Create several practice webinars, present anything you already have by yourself, and invite a few colleagues or friends to act as the audience. Practicing with live events makes you confident in managing the few technical things you need to handle during your public event.
Remember this: There will be people in your audience who might not be familiar with the webinar environment. Your confidence helps the participants feel confident too.
8. Webinar Presentation Creation Skills
A webinar is a business tool – a very effective one! – for marketing, sales, and delivery. Even the best tool, however, is inefficient without clear intention, competency, and commitment to using it for the purpose you got it for.
Most of us have attended a webinar that turned out to be just a sales pitch, or was too much about the presenter. Many of us have also participated in a webinar that was a boring lecture or was too dense with information – leaving us feeling frustrated or overwhelmed.
Creating a webinar that is interesting, inspiring, and teaches something that the audience can take action on and get results with is a skill. A learnable skill. There is a formula for creating winning webinar presentations1; this, when infused with your specific expertise and your personality, creates an end result of a unique and authentic webinar that delivers great value and drives sales.
7. Ability To Define Purpose Of Your Webinar
Before you can create a webinar presentation, you need to define the purpose. Is it for generating new, targeted leads for your business? Reactivating old, passive clients? Launching a new product or service? Or maybe training your team on a specific topic?
Too often, webinars are created based on a general or weak idea. When the purpose is unclear, the message appears scattered. This in turn produces weak results. Considering the wide variety of purposes webinars are great for, they are used for only a narrow scope of it.
If you are just getting started in using webinars, integrate them so they support your long-term business strategy. If you are already using webinars as part of your business model, or your business is primarily based on using webinars, pay more attention to the purpose of each of your webinar event. Purpose gives you a clearer idea of what you present and how you present it, allowing for more powerful communication.
6. Ability To Set And Define Realistic Webinar Goals
Well-defined and realistic goals help you manage your (sometimes subconscious) expectations and hopes. The reality that doesn’t meet your expectations causes disappointments and might lead you to a conclusion that you’ve failed, while in reality you just didn’t hit your expectations as quickly as you imagined.
To encourage you, let me tell you about one of my coaching clients who began to use webinars in his business. He is a business strategist who had, at the time of his first webinar, a list of about 700 people. Albeit the subscribers had rarely received any emails from him, 98 people who received his webinar invitation registered, and 70% showed up at the event. He was very excited due to the interactive audience and the great feedback he got at the end of his webinar. Two hours after the live webinar however, his excitement disappeared because no one had responded to his offer for a free consultation session. A day after the event, still no requests; and he was telling me that that webinars won’t work for his business. This attitude changed again in less than three weeks: Two webinar participants signed up for his consultation service, bringing in over 20,000 euros. You bet he now organizes webinars regularly and swears that webinars are a “must” business tool!

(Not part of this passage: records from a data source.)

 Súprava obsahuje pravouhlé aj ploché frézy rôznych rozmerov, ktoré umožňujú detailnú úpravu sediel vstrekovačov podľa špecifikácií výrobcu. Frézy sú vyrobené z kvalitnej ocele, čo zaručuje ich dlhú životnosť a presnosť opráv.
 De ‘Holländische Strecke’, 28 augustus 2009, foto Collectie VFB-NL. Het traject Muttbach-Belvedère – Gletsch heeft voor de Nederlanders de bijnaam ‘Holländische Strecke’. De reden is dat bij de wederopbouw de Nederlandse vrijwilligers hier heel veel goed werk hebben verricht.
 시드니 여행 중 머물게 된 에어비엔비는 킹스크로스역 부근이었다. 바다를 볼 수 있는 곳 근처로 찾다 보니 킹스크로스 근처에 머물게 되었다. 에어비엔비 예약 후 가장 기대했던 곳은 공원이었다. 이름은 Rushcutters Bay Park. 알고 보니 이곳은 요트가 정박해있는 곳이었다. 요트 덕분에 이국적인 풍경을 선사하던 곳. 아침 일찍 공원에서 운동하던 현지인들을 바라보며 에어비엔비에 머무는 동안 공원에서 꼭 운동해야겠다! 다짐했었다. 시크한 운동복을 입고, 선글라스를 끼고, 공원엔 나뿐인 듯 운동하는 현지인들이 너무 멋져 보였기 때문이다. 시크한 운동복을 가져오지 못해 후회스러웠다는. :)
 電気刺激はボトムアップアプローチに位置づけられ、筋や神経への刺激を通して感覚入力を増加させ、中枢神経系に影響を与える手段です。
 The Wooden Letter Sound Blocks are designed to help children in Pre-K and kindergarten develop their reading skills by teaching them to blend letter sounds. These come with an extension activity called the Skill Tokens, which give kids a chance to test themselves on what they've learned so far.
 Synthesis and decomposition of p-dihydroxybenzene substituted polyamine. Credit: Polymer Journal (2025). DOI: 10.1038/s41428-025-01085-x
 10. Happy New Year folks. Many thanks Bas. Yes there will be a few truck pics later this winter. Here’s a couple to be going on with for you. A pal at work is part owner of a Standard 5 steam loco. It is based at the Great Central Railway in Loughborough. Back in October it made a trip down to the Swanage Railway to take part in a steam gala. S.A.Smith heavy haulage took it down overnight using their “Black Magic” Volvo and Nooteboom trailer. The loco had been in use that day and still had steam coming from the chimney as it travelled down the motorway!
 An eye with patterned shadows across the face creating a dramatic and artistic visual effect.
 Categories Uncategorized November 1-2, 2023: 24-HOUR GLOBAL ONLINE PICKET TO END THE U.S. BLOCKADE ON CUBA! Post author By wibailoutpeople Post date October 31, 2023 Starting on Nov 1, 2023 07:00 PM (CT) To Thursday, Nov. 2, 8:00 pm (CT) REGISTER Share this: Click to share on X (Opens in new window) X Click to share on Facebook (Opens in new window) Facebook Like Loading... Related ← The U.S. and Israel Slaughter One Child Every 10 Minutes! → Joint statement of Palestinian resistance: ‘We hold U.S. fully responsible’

Be aware and conscious of what you secretly hope for, so you can manage your expectations and stay on track in executing your plan until you get the result you want.
5. Clarity On What The Problem Is
Your clients invest in your solution because they want to get out of something. They make this decision primarily because they are uncomfortable with the issue they have. Typically, people won’t decide to change until the discomfort of the issue is stronger than the discomfort of doing something different.

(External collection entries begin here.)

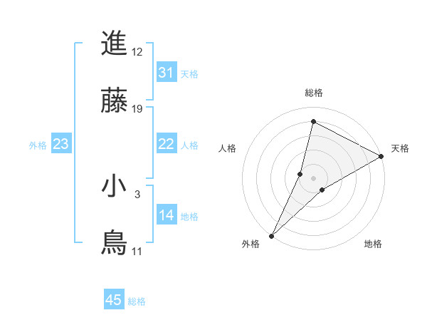 進藤 小鳥さんを姓名の画数から五運を鑑定
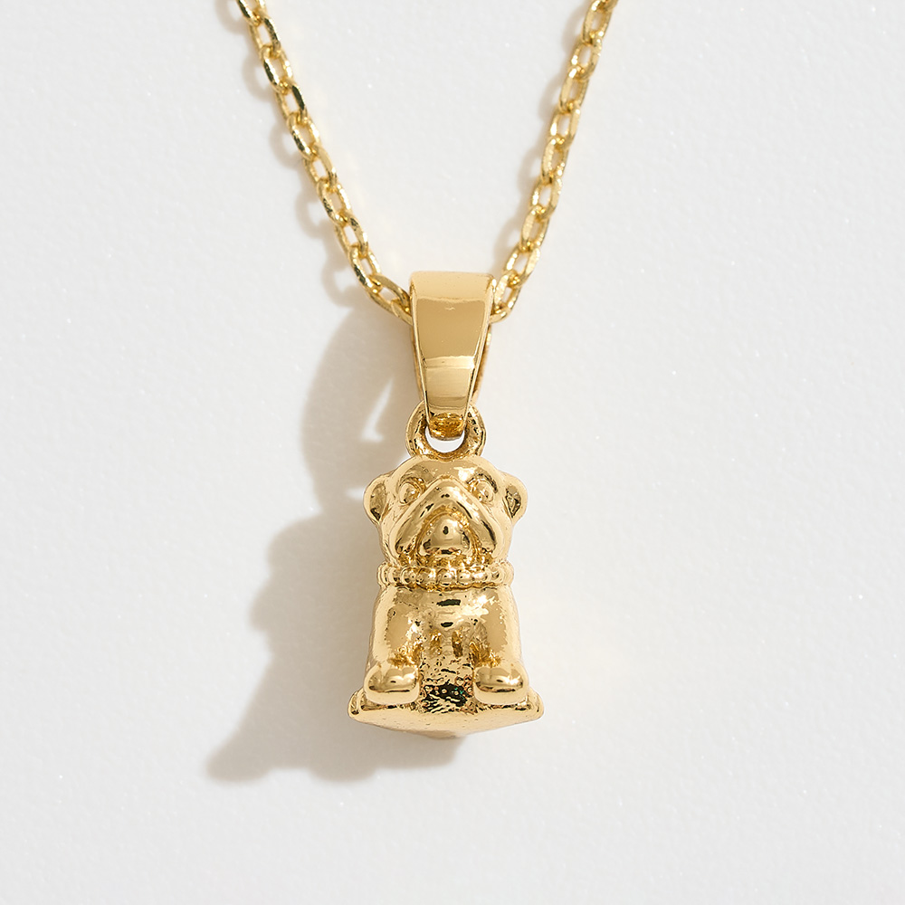 Details • Necklace Size : 16" + 2" L • Pendant Size : 0.25" X 0.6" • Adorable and unique, this bulldog pendant necklace is a playful accessory for animal lovers. Its detailed design brings charm and personality, making it a perfect gift or a fun statement piece to express your love for pets while adding a stylish touch to any outfit. • Gold Dipped • Made In Korea
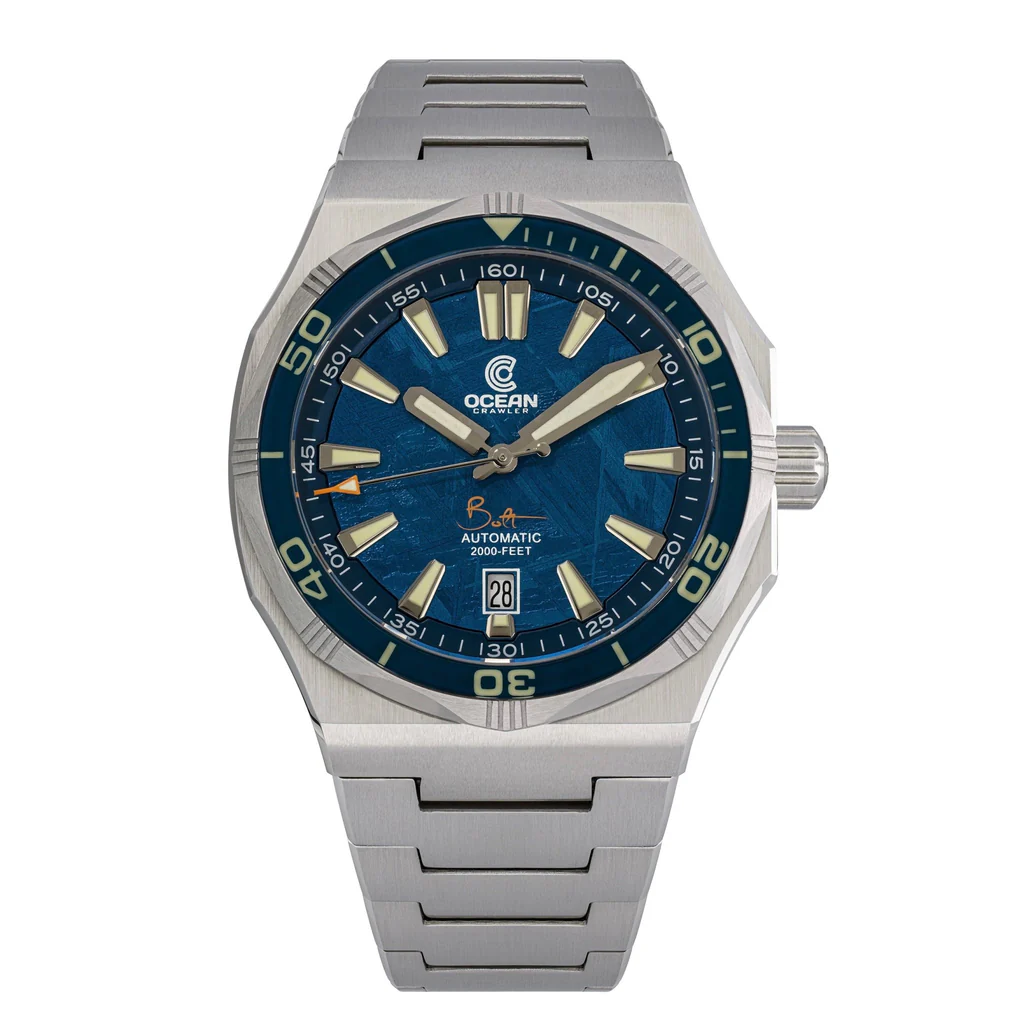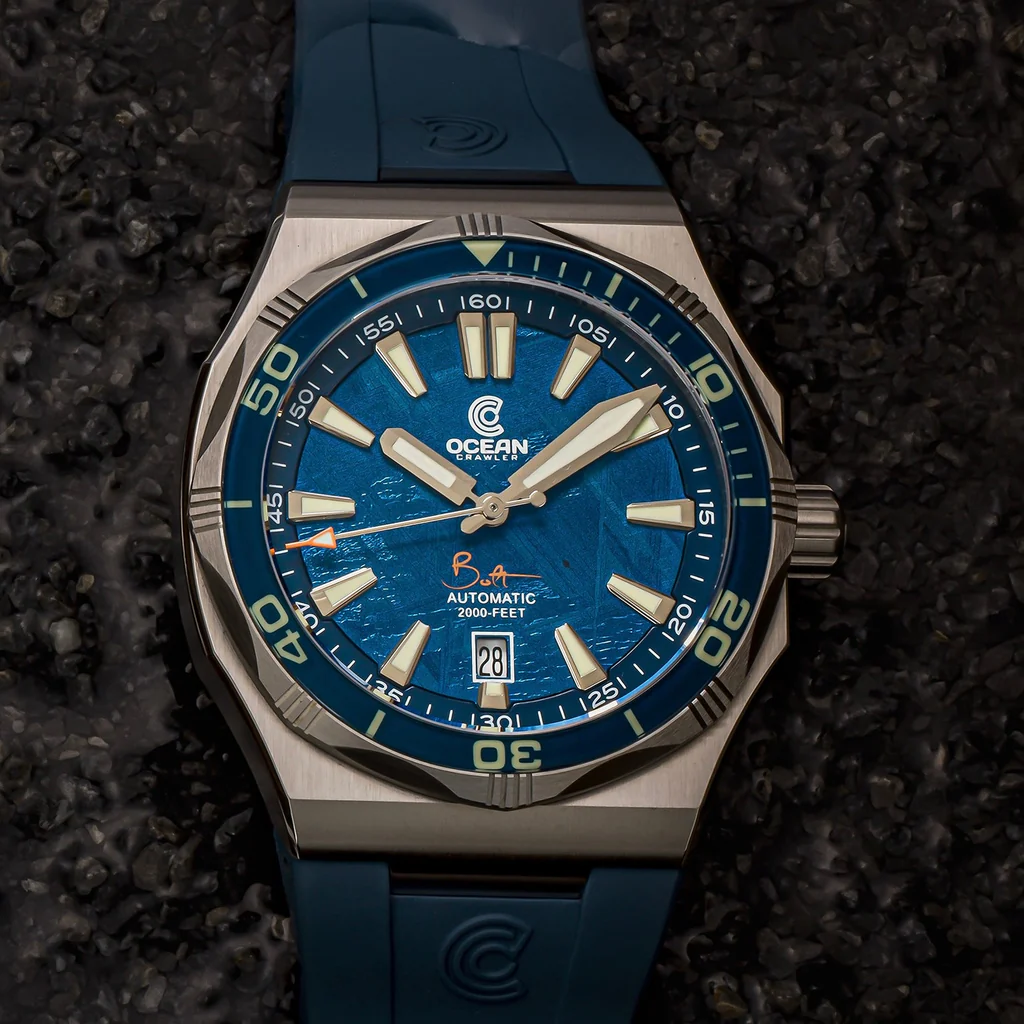Cosmic Impact: A Dive Watch Forged in the Stars. The Ocean Crawler Bolt returns with three cosmic meteorite dials, Space Gold, Blue- and Black Meteorite, each limited to 33 pieces. Cut from a 4.5-billion-year-old meteorite, these ultra-thin 42mm dive watches feature 600m water resistance, an all-sapphire bezel with Swiss C3 lume, and a regulated Sellita SW200-1 movement. Comes with integrated bracelet and rubber strap. Built for adventure. Born in space.
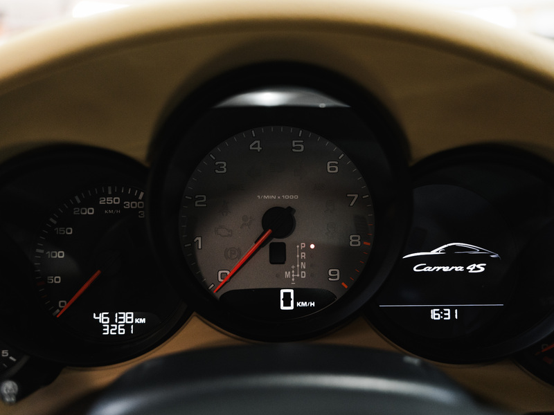 Dieser umfangreich ausgestattete 991.1 zeigt sich in einer wunderschönen Farbkombination. Das Weiß in Verbindung mit der beigen Volllederausstattung samt Mahagoni Holzdekor ist sehr edel und hochwertig. Abgerundet wird die tolle Optik durch das Aero Paket.

When you know the problem well and understand why a person doesn’t want it anymore, you can create problem-based webinars. Webinars that clearly communicate the problem make the sales process simple.
Why?
Because when you know the real problem, you can teach it to your market segment. This might sound odd, but often people see an unwanted end-result as a problem, and don’t realize that they are barking at a wrong tree. When they understand the true problem, their perception changes and they become open to new solutions.
4. Ability To Get In Front Of People Who Want Their Problem Solved Now
When you organize an event, you want people to attend. (A side note: You can generate income with a webinar no one attends2, but that’s another topic.) Without a doubt, market reach is essential. Most entrepreneurs and business owners, however, don’t realize they already have more than enough reach to get an audience for their webinar.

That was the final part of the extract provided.